Start of Data
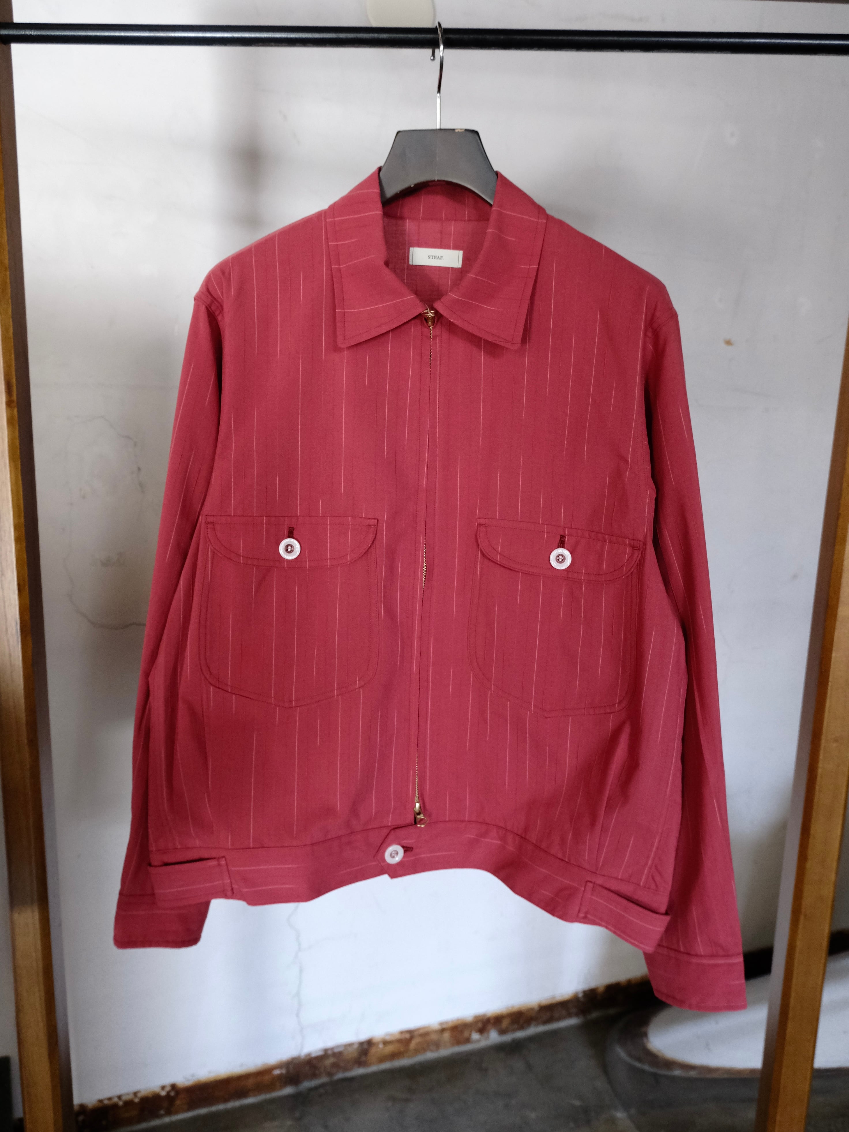 50'sをイメージさせる形ながらも人体に沿うような立体的にパターンをひき、STEAFのオリジナリティが溢れる着心地。
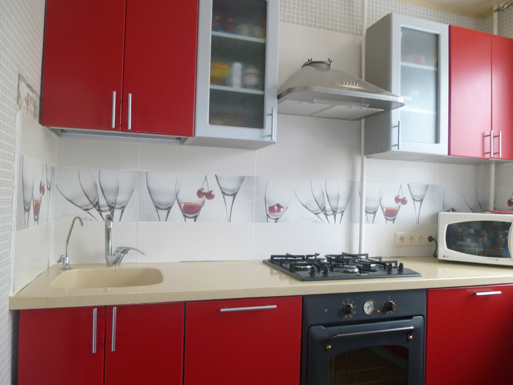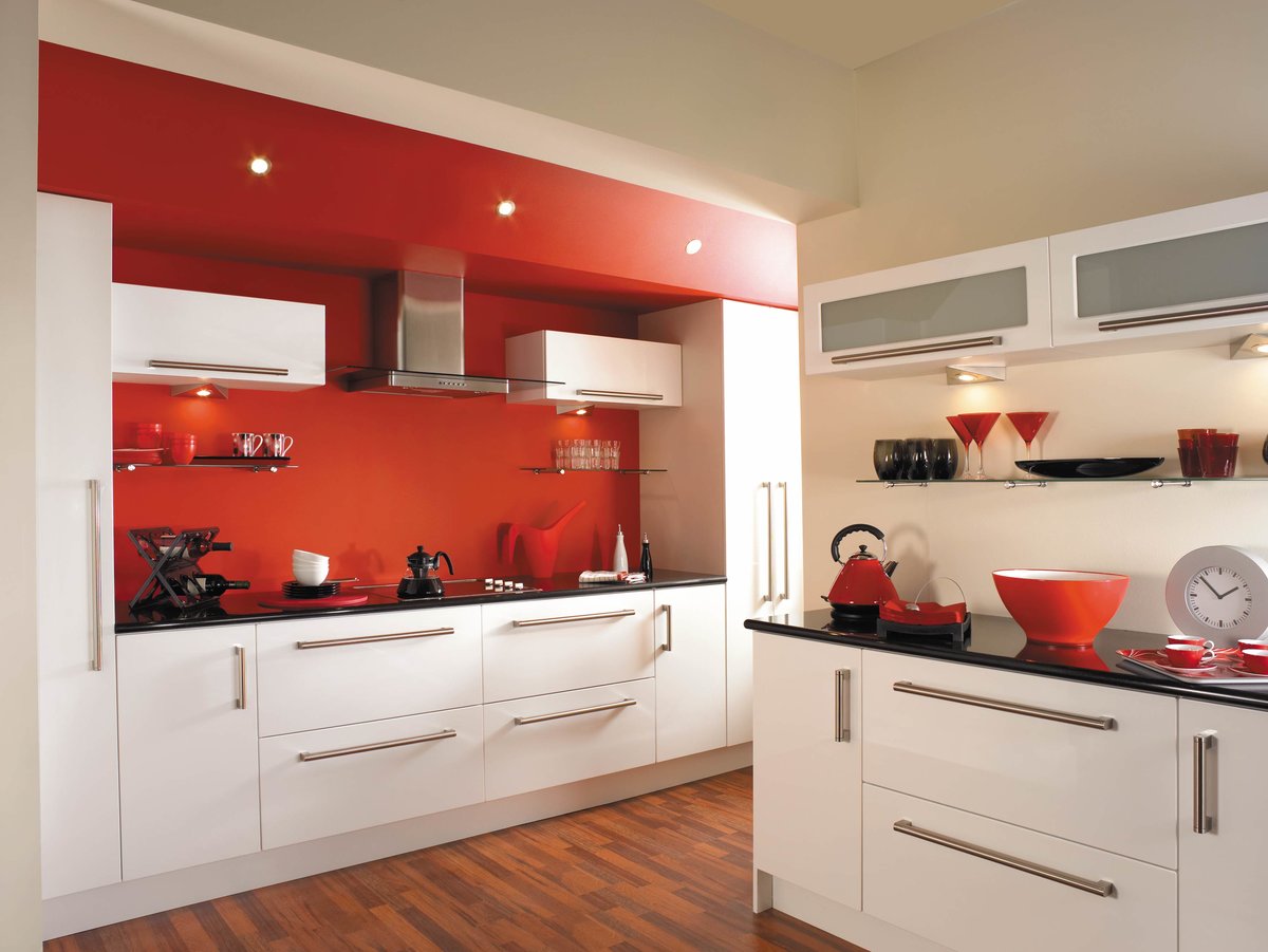 Если гарнитур на кухне светлый, то стены оформляют красным цветом следующим образом:
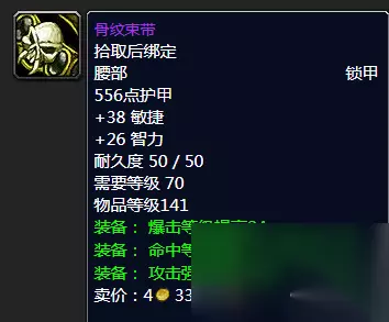 阿加多的腰带 腰带的话猎人可以优先入坑这款海加尔山BOSS安纳塞隆出品的阿加多的腰带,黄字认证可见一斑。高敏捷高耐力双插槽可谓优秀,爆击攻强也是不错。带到T6腰带丝毫没问题。
End of Data
● What the task requires: Each line of the data above needs to be retyped as it is, without any picture.

● Answer for this exercise:
 50'sをイメージさせる形ながらも人体に沿うような立体的にパターンをひき、STEAFのオリジナリティが溢れる着心地。
 Если гарнитур на кухне светлый, то стены оформляют красным цветом следующим образом:
 阿加多的腰带 腰带的话猎人可以优先入坑这款海加尔山BOSS安纳塞隆出品的阿加多的腰带,黄字认证可见一斑。高敏捷高耐力双插槽可谓优秀,爆击攻强也是不错。带到T6腰带丝毫没问题。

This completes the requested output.